It is clear that \(u_d\left( {\mathbf {x}}_d\right) = w\left( {\mathbf {x}}_d\right) \). Note that computing \(u_t\) requires the factorization of \(f\left( {\mathbf {x}}_t\right) \) in order to compute \(f\left( x_t \;\vert \;{\mathbf {x}}_{t-1}\right) \), which can be difficult. An alternative is to use a family \(\left\{ f_t\left( {\mathbf {x}}_t\right) \right\} _{t = 1}^d\) of auxiliary densities, where it is required that \(f_d = f\). Using these densities, we can compute the importance weights as \(v_1 = \frac{f_1(x_1)}{g(x_1)}\) and

$$\begin{aligned} v_t\left( {\mathbf {x}}_{t}\right) = \frac{v_{t-1}\left( {\mathbf {x}}_{t-1}\right) f_t\left( {\mathbf {x}}_{t}\right) }{f_{t-1}\left( {\mathbf {x}}_{t-1}\right) g\left( x_t \;\vert \;{\mathbf {x}}_{t-1}\right) }, \quad t = 2, \ldots , d. \end{aligned}$$
(5)

Note that \(u_d\left( {\mathbf {x}}_d\right) = v_d\left( {\mathbf {x}}_d\right) = w\left( {\mathbf {x}}_d\right) \). We obtain \(u_t\) as a special case of \(v_t\), where the auxiliary densities are the marginals of f. As \(v_t\) is more general, we use it to define our importance weights (unless otherwise stated). If the auxiliary densities are only known up to constant factors, then the unnormalized version of (5) involves setting \(v_1\left( x_1\right) = \frac{c_1 f_1\left( x_1\right) }{g\left( x_1\right) }\) and

$$\begin{aligned} v_t\left( {\mathbf {x}}_{t}\right) = \frac{v_{t-1}\left( {\mathbf {x}}_{t-1}\right) c_t f_t\left( {\mathbf {x}}_{t}\right) }{c_{t-1}f_{t-1}\left( {\mathbf {x}}_{t-1}\right) g\left( x_t \;\vert \;{\mathbf {x}}_{t-1}\right) }, \quad t = 2, \ldots , d, \end{aligned}$$
(6)

where the functions \(\left\{ c_t f_t\left( {\mathbf {x}}_t\right) \right\} \) are known, but the normalized functions \(\left\{ f_t\left( {\mathbf {x}}_t\right) \right\} \) may be unknown.

If \(c_d = 1\) it is possible to evaluate \(f_d\), and we can use the estimator \(\widehat{\ell }_{\mathrm {ub}}\) defined in (1), regardless of whether \(c_t \ne 1\) for \(t < d\).

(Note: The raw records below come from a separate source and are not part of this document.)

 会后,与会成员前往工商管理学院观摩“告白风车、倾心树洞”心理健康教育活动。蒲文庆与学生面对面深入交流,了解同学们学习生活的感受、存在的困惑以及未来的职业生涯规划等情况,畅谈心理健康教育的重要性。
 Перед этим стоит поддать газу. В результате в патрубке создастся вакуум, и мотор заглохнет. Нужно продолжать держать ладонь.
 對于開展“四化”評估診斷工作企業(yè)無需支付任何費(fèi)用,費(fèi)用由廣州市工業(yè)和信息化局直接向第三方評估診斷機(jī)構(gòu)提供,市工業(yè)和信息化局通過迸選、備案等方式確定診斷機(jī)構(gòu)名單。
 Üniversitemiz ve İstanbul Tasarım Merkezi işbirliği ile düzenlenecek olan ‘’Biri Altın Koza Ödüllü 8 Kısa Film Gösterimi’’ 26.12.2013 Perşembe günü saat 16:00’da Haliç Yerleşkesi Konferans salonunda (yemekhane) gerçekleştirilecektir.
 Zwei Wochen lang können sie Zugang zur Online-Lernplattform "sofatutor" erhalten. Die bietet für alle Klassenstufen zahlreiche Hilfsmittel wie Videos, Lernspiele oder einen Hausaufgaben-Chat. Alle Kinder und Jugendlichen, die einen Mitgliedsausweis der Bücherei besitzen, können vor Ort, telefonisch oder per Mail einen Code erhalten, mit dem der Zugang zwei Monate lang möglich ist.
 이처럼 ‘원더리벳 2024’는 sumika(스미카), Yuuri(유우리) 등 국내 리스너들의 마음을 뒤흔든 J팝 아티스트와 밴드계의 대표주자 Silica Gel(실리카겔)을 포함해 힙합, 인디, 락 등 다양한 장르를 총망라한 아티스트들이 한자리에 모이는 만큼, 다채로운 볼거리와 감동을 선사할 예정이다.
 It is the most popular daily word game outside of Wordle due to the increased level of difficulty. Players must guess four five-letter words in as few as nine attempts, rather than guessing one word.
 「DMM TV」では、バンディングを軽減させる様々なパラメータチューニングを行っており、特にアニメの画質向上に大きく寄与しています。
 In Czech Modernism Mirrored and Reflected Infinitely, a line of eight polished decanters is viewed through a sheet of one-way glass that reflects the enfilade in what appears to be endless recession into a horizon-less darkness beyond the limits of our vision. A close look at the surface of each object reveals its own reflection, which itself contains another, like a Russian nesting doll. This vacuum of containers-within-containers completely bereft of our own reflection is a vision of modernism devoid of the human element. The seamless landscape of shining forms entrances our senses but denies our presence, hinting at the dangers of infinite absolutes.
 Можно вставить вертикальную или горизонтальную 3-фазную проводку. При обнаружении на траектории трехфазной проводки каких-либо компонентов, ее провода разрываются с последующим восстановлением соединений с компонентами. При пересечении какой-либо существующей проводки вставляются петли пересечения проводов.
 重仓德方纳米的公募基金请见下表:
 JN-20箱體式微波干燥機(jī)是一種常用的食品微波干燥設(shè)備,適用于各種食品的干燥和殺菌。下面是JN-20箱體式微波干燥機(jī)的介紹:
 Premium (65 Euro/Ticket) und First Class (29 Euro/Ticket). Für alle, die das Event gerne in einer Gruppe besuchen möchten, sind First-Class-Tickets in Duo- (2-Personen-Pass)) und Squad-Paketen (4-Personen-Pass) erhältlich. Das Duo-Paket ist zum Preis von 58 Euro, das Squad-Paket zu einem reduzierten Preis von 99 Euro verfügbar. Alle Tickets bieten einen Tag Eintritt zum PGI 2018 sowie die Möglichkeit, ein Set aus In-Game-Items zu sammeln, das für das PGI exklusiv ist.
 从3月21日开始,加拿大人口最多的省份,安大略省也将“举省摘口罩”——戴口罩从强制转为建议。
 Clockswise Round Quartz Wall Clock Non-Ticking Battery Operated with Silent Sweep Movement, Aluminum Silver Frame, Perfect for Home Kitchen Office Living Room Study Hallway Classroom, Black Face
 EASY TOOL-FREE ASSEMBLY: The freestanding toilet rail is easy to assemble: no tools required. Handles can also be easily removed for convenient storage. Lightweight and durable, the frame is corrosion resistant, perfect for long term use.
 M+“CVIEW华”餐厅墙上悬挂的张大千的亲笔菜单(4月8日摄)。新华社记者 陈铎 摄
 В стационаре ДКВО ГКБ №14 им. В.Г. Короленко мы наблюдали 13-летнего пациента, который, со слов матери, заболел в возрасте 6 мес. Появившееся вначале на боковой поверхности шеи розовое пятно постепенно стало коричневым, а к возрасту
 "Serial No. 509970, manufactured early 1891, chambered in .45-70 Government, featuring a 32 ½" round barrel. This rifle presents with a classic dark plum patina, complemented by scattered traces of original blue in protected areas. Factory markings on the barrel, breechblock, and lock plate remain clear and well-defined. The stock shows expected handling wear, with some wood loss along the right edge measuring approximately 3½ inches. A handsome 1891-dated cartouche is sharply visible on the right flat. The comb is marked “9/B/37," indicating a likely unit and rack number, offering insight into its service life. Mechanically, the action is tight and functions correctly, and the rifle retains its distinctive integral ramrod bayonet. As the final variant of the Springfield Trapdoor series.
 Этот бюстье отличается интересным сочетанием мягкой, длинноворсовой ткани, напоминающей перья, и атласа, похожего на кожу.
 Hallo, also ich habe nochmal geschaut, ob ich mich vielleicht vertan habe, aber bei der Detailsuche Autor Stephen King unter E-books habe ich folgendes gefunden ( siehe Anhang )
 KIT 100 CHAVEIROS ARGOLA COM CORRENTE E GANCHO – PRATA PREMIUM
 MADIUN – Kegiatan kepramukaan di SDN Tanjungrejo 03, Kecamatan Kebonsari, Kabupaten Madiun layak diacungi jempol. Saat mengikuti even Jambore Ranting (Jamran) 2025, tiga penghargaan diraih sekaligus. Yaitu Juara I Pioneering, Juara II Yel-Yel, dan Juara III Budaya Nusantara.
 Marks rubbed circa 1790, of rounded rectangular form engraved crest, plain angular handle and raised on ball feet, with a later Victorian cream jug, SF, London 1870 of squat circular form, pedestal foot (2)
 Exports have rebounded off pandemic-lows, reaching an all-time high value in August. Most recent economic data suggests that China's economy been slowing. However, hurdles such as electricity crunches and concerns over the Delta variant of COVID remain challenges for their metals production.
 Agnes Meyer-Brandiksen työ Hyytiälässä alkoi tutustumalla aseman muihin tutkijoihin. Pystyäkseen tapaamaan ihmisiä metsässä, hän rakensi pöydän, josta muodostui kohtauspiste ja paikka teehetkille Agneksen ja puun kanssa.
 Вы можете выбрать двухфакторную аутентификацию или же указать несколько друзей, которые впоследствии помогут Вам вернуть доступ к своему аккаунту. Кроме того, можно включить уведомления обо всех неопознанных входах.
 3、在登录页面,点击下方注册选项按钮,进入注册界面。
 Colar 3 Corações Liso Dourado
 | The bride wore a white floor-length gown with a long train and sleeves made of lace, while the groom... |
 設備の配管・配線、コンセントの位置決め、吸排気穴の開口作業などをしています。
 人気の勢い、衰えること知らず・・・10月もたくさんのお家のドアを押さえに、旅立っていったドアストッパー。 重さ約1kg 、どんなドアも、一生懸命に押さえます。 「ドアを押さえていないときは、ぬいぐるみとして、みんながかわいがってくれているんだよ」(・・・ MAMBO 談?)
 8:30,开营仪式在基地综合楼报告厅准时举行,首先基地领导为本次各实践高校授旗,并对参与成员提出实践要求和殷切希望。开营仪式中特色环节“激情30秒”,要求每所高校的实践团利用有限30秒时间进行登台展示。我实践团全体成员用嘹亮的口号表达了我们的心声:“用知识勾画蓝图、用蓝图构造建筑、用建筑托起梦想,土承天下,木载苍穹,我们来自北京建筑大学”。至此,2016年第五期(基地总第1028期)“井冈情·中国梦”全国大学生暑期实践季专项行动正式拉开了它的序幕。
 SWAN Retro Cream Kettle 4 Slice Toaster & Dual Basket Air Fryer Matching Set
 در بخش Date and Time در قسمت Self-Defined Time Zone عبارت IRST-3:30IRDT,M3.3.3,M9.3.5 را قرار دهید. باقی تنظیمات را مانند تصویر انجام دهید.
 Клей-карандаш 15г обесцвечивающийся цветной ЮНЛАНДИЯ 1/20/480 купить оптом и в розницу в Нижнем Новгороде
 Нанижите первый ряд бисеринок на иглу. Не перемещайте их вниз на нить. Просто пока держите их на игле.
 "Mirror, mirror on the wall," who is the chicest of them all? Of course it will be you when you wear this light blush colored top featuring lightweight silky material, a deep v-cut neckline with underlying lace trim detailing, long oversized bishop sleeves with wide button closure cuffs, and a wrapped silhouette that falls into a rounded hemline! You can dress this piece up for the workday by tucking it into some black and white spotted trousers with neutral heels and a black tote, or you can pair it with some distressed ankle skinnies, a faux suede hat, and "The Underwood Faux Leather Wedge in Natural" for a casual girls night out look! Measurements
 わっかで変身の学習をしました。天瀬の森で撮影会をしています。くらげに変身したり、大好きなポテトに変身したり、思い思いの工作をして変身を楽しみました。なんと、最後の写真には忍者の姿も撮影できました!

Otherwise, if \(f_d\) is known only up to a constant factor, we must use \(\widehat{\ell }_{\mathrm {ratio}}\). The variance of the corresponding importance sampling estimator is independent of the choice of auxiliary densities and of the constants \(\left\{ c_t\right\} \), but dependent on g. This will change in Sect. 2.3 with the introduction of resampling steps.

Sequential importance sampling can be performed by simulating all d components of \({\mathbf {X}}_d\) and repeating this process \(n\) times. Alternatively, we can simulate the first component of all \(n\) copies of \({\mathbf {X}}_d\). Then, we simulate the second components conditional on the first, and so on. We adopt the second approach, as it leads naturally to sequential importance resampling.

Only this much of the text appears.